Exercise data:
+---+

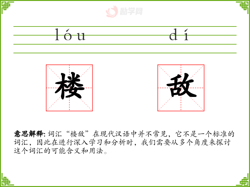 词汇“楼敌”在现代汉语中并不常见,它不是一个标准的词汇,因此在进行深入学习和分析时,我们需要从多个角度来探讨这个词汇的可能含义和用法。
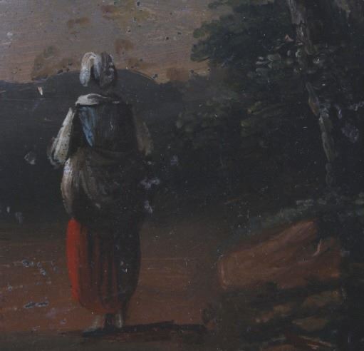 The lot features an original work of art oil on tin from the 18th Century and shows a fine Late Renaissance style most likely from Southern Europe. The painting, which shows an unbelievable detail and skill, show a lone woman walking a forest path wearing a red long skirt. Along the path is a large set of trees and in the distance, rolling hills. The work of art has been mounted to an early gilt gold wood frame. The measurements of the tintype are 9 3/4" x 7".
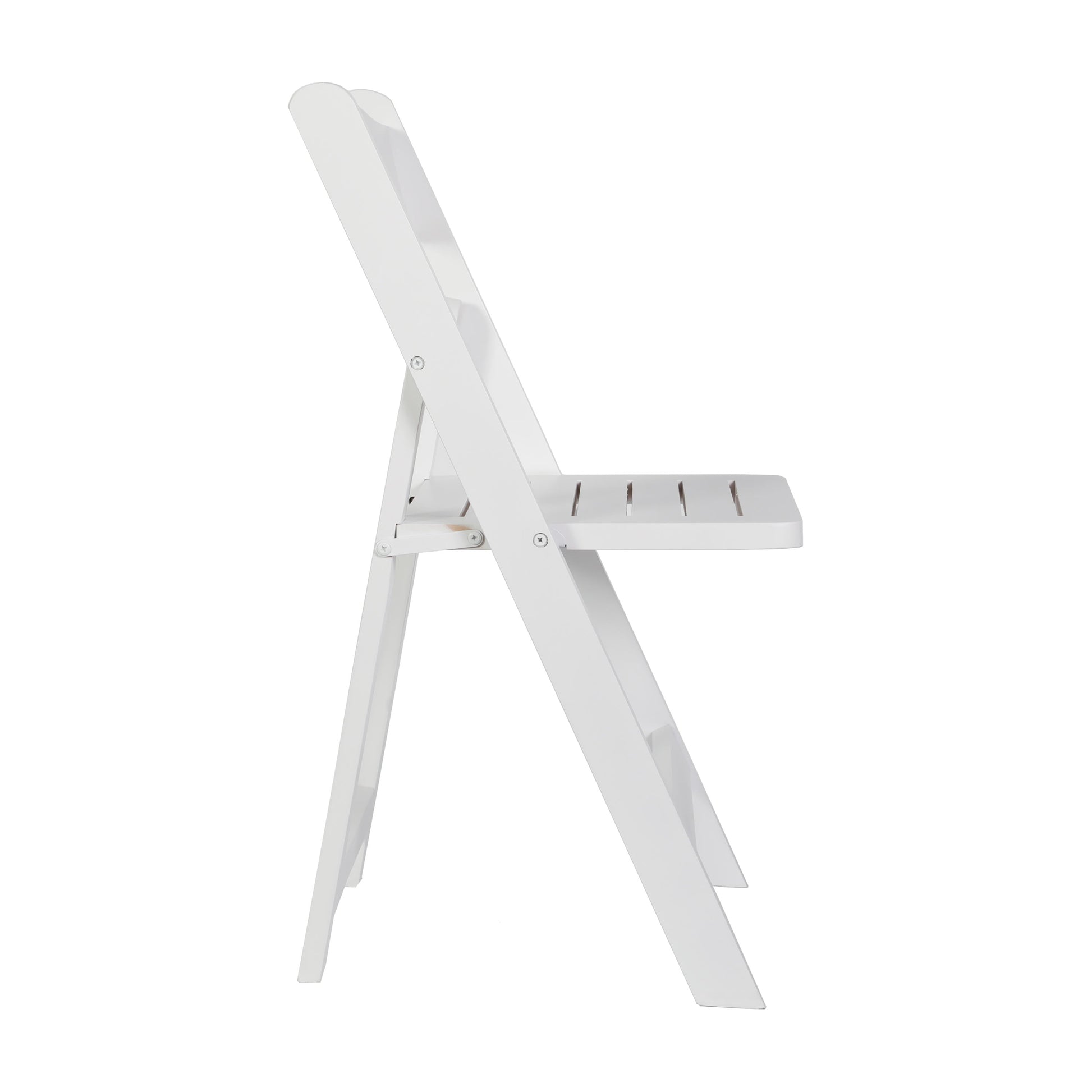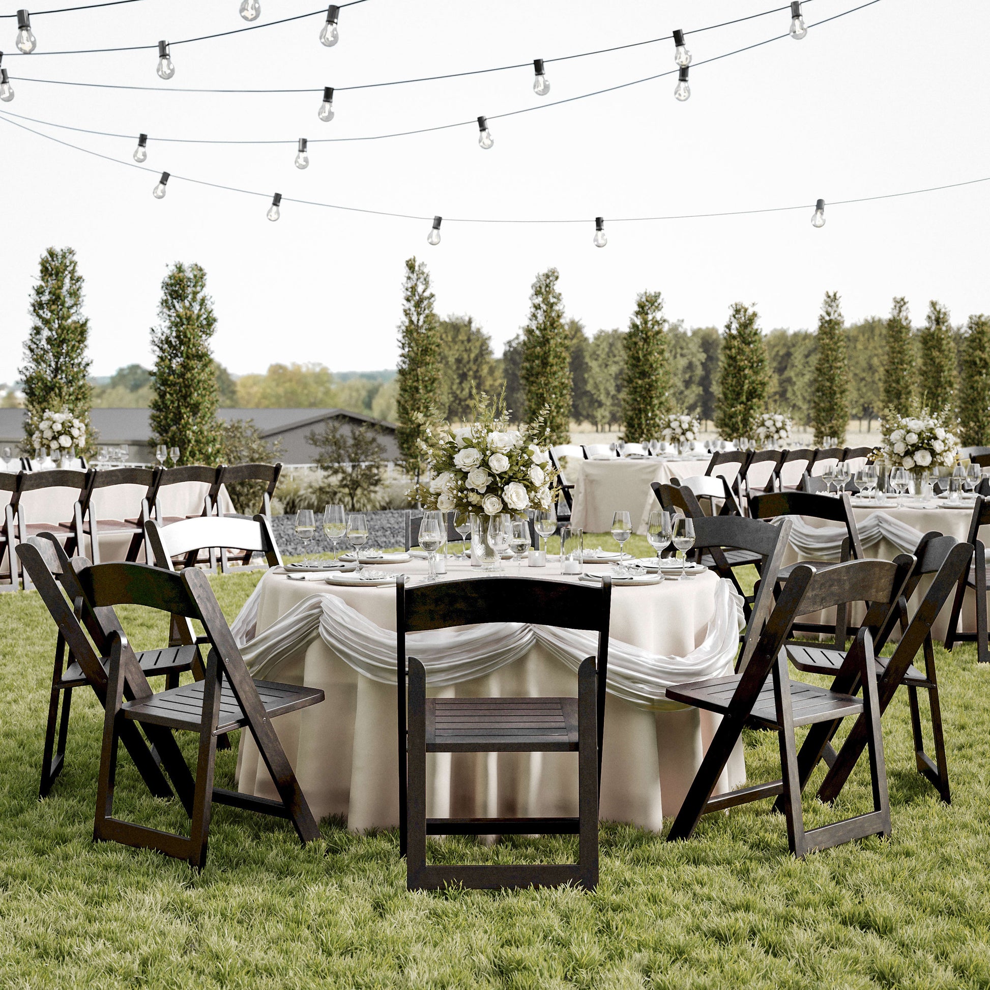 Dazzle your friends and family during your next dinner party or deliver a warm, inviting presentation to your business with this wood folding chair that combines sophistication with functionality, enhancing any room or event space. The perfect fit for your kitchen or dining room at home, this chair is also rated for commercial use, so you can rely on its versatile design to bring style and comfort to your restaurant, bar, bistro, lounge, coffee shop, café, deli, or event space. Crafted from solid beechwood with a robust mortise and tenon construction, this chair is built for durability and stability. The curved back provides comfort for extended periods to keep your guests relaxed and engaged during weddings, conferences, or luncheons. An easily foldable design allows for simple, space-saving storage and welcome portability to move and transport your chair hassle-free. This chair boasts a static weight capacity of 300 lbs., accommodating a variety of users while maintaining structural integrity. Plus, fixed floor glides are designed to protect your hard flooring surfaces from damage, enabling you to freely and confidently move your chair around your space. No assembly is required, saving you from the need to waste time and energy on a tedious setup process. Clean up is a breeze – Simply wipe with a damp cloth to keep it looking pristine. Whether you're furnishing a cozy home dining area or an elegant commercial venue, this folding chair is an excellent choice for style and convenience.

+---+

Exercise instructions:
Copy out every line above without change, dropping the pictures.

Worked solution:
 词汇“楼敌”在现代汉语中并不常见,它不是一个标准的词汇,因此在进行深入学习和分析时,我们需要从多个角度来探讨这个词汇的可能含义和用法。
 The lot features an original work of art oil on tin from the 18th Century and shows a fine Late Renaissance style most likely from Southern Europe. The painting, which shows an unbelievable detail and skill, show a lone woman walking a forest path wearing a red long skirt. Along the path is a large set of trees and in the distance, rolling hills. The work of art has been mounted to an early gilt gold wood frame. The measurements of the tintype are 9 3/4" x 7".
 Dazzle your friends and family during your next dinner party or deliver a warm, inviting presentation to your business with this wood folding chair that combines sophistication with functionality, enhancing any room or event space. The perfect fit for your kitchen or dining room at home, this chair is also rated for commercial use, so you can rely on its versatile design to bring style and comfort to your restaurant, bar, bistro, lounge, coffee shop, café, deli, or event space. Crafted from solid beechwood with a robust mortise and tenon construction, this chair is built for durability and stability. The curved back provides comfort for extended periods to keep your guests relaxed and engaged during weddings, conferences, or luncheons. An easily foldable design allows for simple, space-saving storage and welcome portability to move and transport your chair hassle-free. This chair boasts a static weight capacity of 300 lbs., accommodating a variety of users while maintaining structural integrity. Plus, fixed floor glides are designed to protect your hard flooring surfaces from damage, enabling you to freely and confidently move your chair around your space. No assembly is required, saving you from the need to waste time and energy on a tedious setup process. Clean up is a breeze – Simply wipe with a damp cloth to keep it looking pristine. Whether you're furnishing a cozy home dining area or an elegant commercial venue, this folding chair is an excellent choice for style and convenience.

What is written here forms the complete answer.